СИ никогда не была ни полной, ни пустой и шутку эту не понимала. Прижимая телефон к уху плечом и на ходу стягивая перчатки, перепачканные землей, СИ зашла в дом. Стащила с головы кепку — считай, пересадка пиона пропала — и присела в продавленное кресло.
— ...жизнь — это вентилятор.
СИ прошлась взглядом по комнатке. Что видим, то и поём?
— А также кастрюля. И выбивалка для ковров... — язвительно добавила она.
Надо было как-то поддержать беседу, хотя и не хотелось.
Вергилев охотно рассмеялся. Помнится, он всегда был готов к празднику.
СИ насторожилась. Чего надо этой старой злопамятной заплатке на практически безупречной скатерти ее судьбы? Она и фотографии-то все их совместные давно выкинула. Была когда-то искра, сияла и звала. Но он хотел мерцания миров и еще много пива с друзьями. А она — окно законопатить, чтобы не дуло.
— Зубы-то не все еще выпали? — весело продолжил беседу давний знакомый.
СИ глубоко вздохнула и приготовилась сбросить звонок. Но Вергилев вдруг посерьезнел:
— Дело есть.
Оказывается, у него не так давно родилась двойня.
«Так тебе и надо! — с радостным злорадством подумала СИ. — В пятьдесят-то с хвостиком!»
— Маша и Наташа. Что-то не идут они у меня... Растут плохо. Хилябундеры.
«Я-то тут при чем?» — захотелось рявкнуть СИ, но она сдержалась.

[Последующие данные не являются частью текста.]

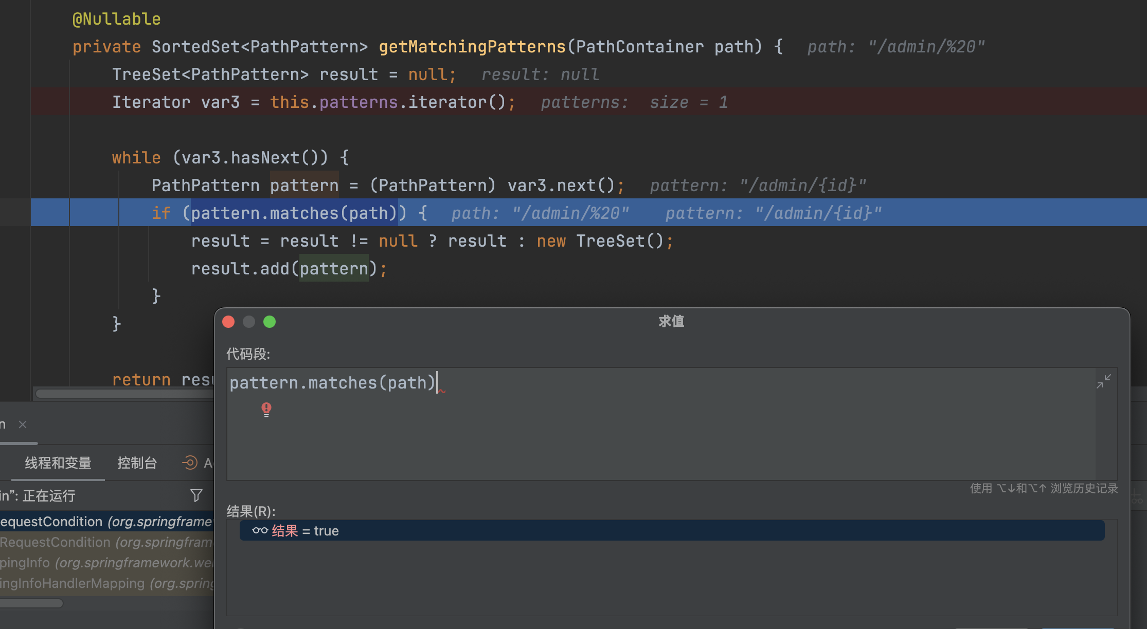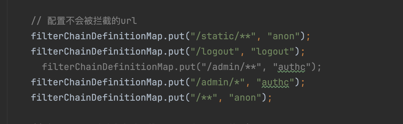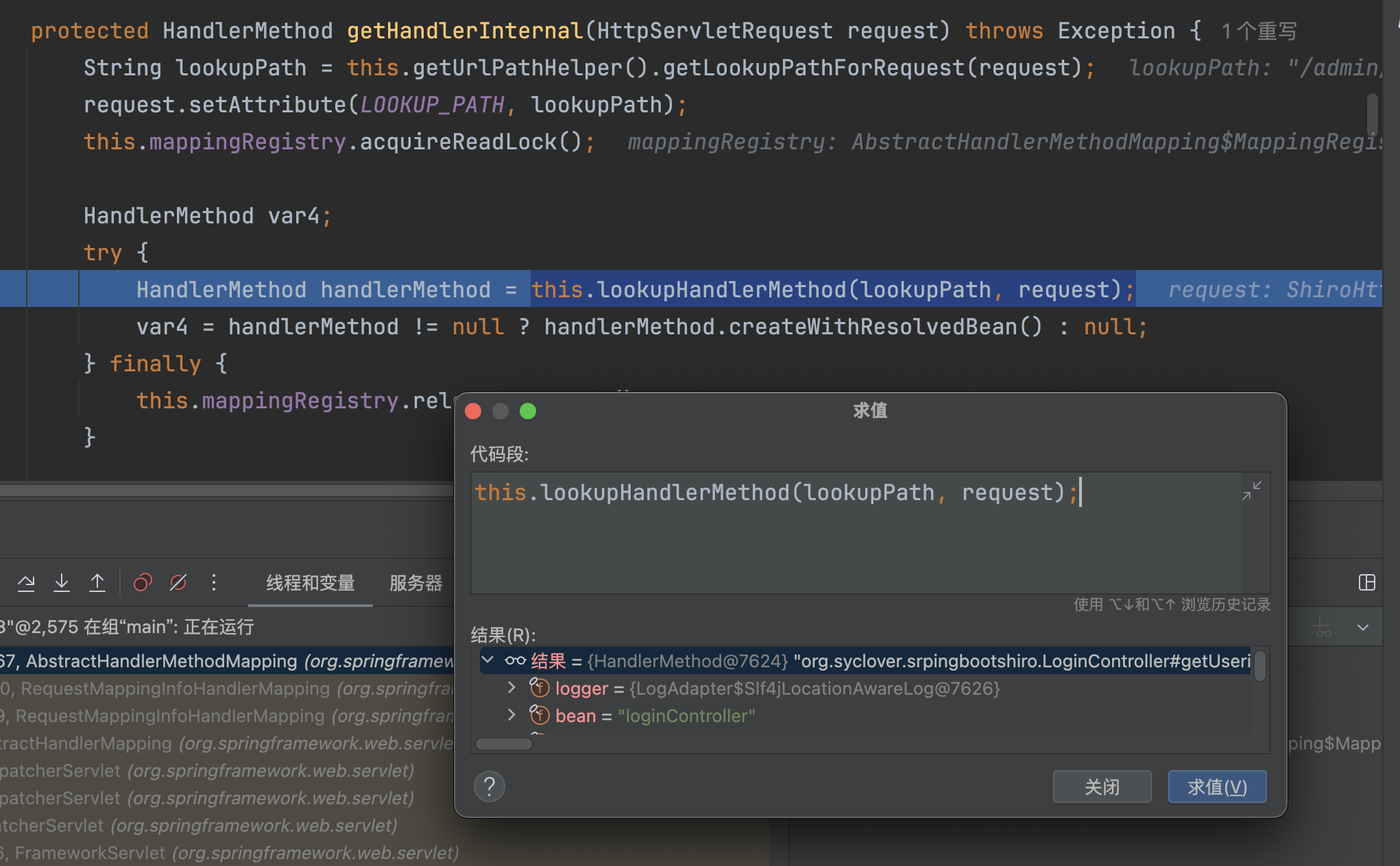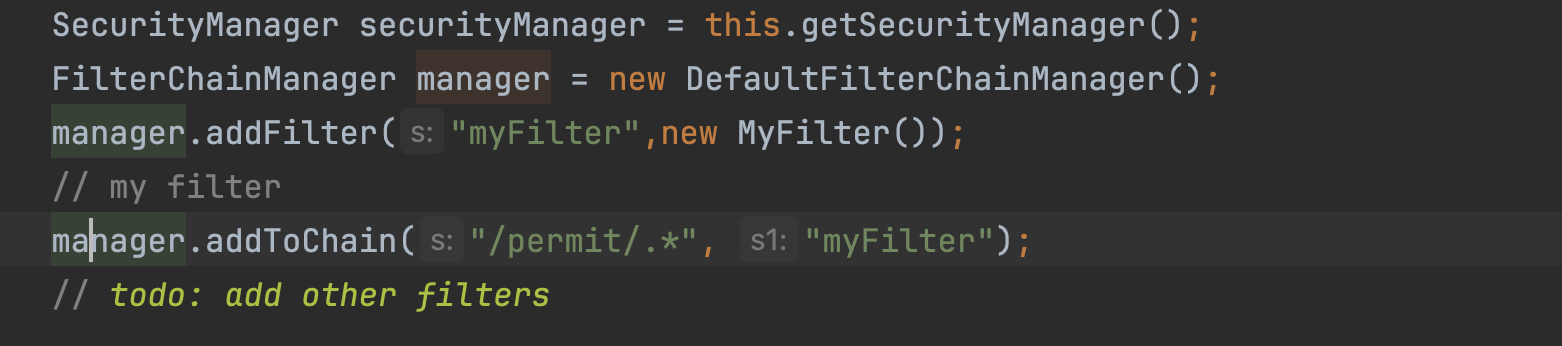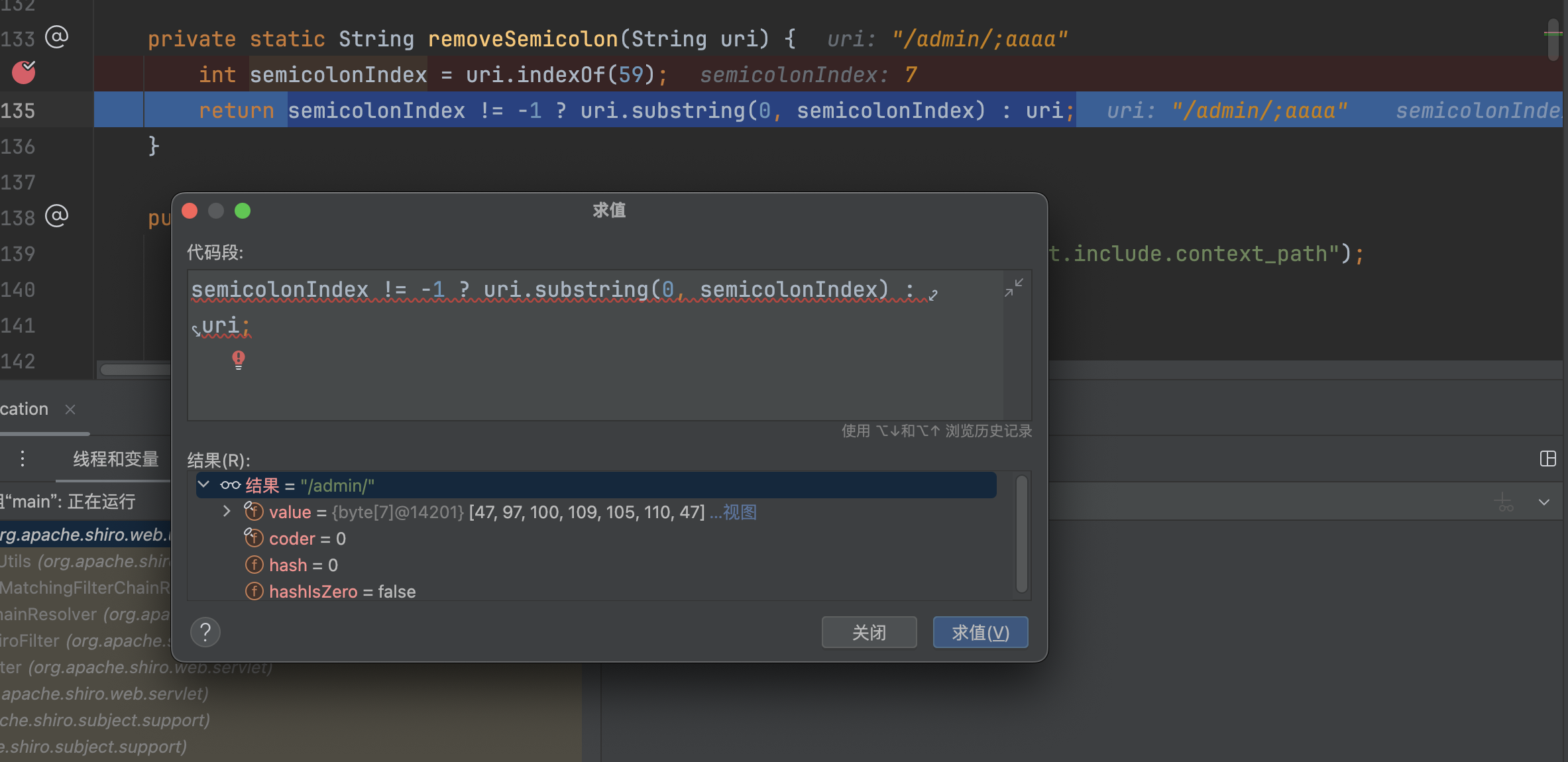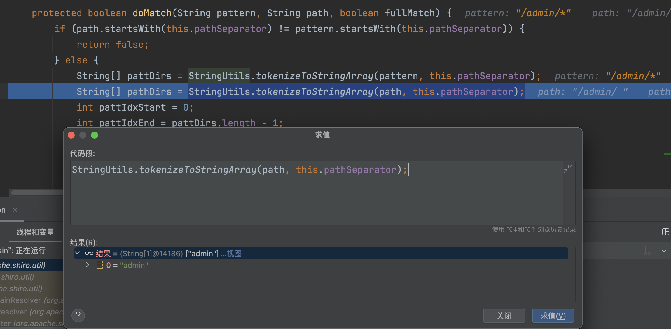 断点打在org.apache.shiro.web.filter.mgt.PathMatchingFilterChainResolver#getChain方法中,首先是获取过滤器链管理对象FilterChainManager,然后调用this.getPathWithinApplication(request)获取请求的URI

Интересно все-таки, зачем он звонит?
Злоба, древняя как мир, поднималась из груди медленно, верно, зная, зачем она идет — все разрушить и убить. Начнет с самого слабого — с душевного равновесия. Жутко захотелось вернуться к кусту пиона. Нет, хватает наглости звонить, а? Подумаешь, радость — двойня у него...
А ведь клал и ей Вергилев горячую ладонь между лопаток, и текла золотая капля по позвоночнику...
— Помнишь, — Вергилев как-то стыдливо запнулся, — ты говорила, у тебя бабкин заговор имеется? Волшебный, всемогущий... Ты только не смейся...
Он что это, серьезно?
— Да ну тебя! Сдурел ты, Костя. Лучше доктора нормального найди...
Вергилев вздохнул и совсем уж упавшим голосом чиркнул:
— Если прошу, значит, надо. Очень.
От этого его беспомощного полушепота СИ мигом вынесло в прошлое. Помнится, в комнатке, которую они снимали, невыводимо пахло пылью. И на потолке была трещина в виде страдающей от безводья Африки.
«...Я вот сейчас на ухо твое глупое скажу такое, отчего ты всегда, всю жизнь счастливым будешь. Простым, умным и хорошим. И правильно все будет у тебя. Только не смейся».
Но он, конечно, смеялся. И сам за ухо ее кусал, вместо того чтобы слушать.
«Дуроблямба ты! — шептал, будто пчела по мочке ползла, — и все таяло, текло перед глазами. — Мир — это квантовая спираль. Скачок пустоты. Безымянная светлость. Бабкин заговор против каких-то невидимых квантов? Смешно и сравнивать!»
«А я все равно скажу! — Она сердилась, и, кажется, по-настоящему. — Если... подстрижешься...»
Вергилев стихи писал. А она под диваном никак эту проклятую пыль вывести не могла — даже шваброй. И опять злилась. Злилась, злилась...
то что не рождается само рождает все
то что не меняется само меняет все
я твоя изнаночка
ты моя изнаночка
будь моей петелькой
потяни меня потяни за собой...
Как там дальше? Забыла. Да и зачем такое помнить? Не помогли им ни стихи, ни моющие средства.
СИ вздрогнула и поймала свое отражение в зеркале. Забылось. Да не все... Вон как сердце-то прыгает.
— Разве ты в бабкины заговоры теперь веришь?
— Кружка, — подозрительно серьезно задышал Вергилев в трубку, — я тебе что хочешь куплю. Хочешь, мультиварку куплю? Хочешь — посудомойку?
— Иди ты! — рассердилась СИ.
Бросила бы телефон о стену, да нельзя — дорогой.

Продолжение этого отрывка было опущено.